The majority of the series [Ozark] is set in the dark, ominous Ozarks, but critics didn’t hesitate to point out that hardly any of the episodes were filmed in Missouri. The majority of the series was filmed in Georgia, according to IMDb. As for the lake scenes, most of these were filmed at Lake Allatoona, a reservoir similarly shaped to the Lake of the Ozarks about 45 minutes northwest of Atlanta.

In recent years, “Ozark” may have been at the top of people’s minds when it came to how Missouri was showcased by Hollywood, but there have been several other award-winning television shows and movies set in the Show Me State — some of which, like “Ozark” weren’t actually filmed here.

Perhaps the journalist is disappointed that she does not have the opportunity to see stars on location, but the article points out that Georgia ladles tax breaks and incentives on production companies. One wonders if this is supposed to serve as a call to action for Missouri to also ladle out tax money so Shia LeBeouf can fly in and film for a couple of days before flying out.

However, since it was presented as a quiz, I must ask myself: How did I do? The sixteen from the article are:

  • The Act
  • Sharp Objects
  • Three Billboards Outside Ebbings, Missouri
  • American Honey
  • Gone Girl
  • Switched at Birth
  • Winter’s Bone
  • Up in the Air
  • Waiting for Guffman
  • Road House
  • Planes, Trains, and Automobiles
  • National Lampoon’s Vacation
  • Paper Moon
  • Meet Me In St. Louis

I’ve seen five of sixteen.

The list skews to recent and to piss-on-Missouri stories and includes a number of entries where a scene nominally appears in Missouri in a larger travel film. Coincidentally, the latter overlap a lot with the films on the list I’ve seen.
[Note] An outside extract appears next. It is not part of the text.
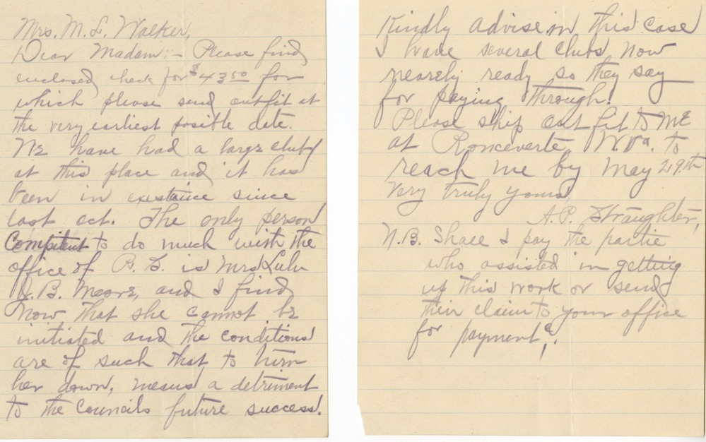 Accompanied a payment of $43.50 for an outfit requested to be sent to her in Ronceverte, West Virginia, by May 29th. She mentions that they have a large club and she is organizing a number of clubs. She also mentions that she had hoped that Lulu J.B. Moors would take on the position of "R.B." but for some reason she can not be initiated. She asks for Walker to advise her about this problem. This letter is numbered the same as other letters regarding Walker's work with the United Order of Tents. It is likely that this letter is also referring to the Tents though they are never mentioned by name and the letter is not dated.

The journalist does disclaim:

Note: There have been countless television shows and movies set and filmed in Missouri. This list is not exhaustive.

However, if one goes to the AUTHORITY (the Wikipedia entry Films set in Missouri), one sees this pretty much is the pattern: Piss on Missouri or just passing through. Guardians of the Galaxy? Deep Impact? I have seen these films, and they might have a scene in Missouri, but to say they’re set in Missouri is a stretch.

I am glad to see One Night At McCool’s is listed. But Larger than Life is not. The latter falls in the “Passing through” category, with a scene in Kansas City, and something that was filmed in St. Louis–Mike and Todd, both veteran actors of The Courtship of Barbara Holt, were extras in a scene that did not make the final feature.

At any rate, I’m not much into movies, books, or articles that piss on the heartland or where the writer is from (after the writer has moved to the big time). So I probably won’t watch Winter’s Bone (although I did just check movie accumulation posts to make sure I hadn’t already bought the DVD somewhere) but I do have the book in the stacks somewhere (I ordered it from ABC Books during the LOCKDOWN).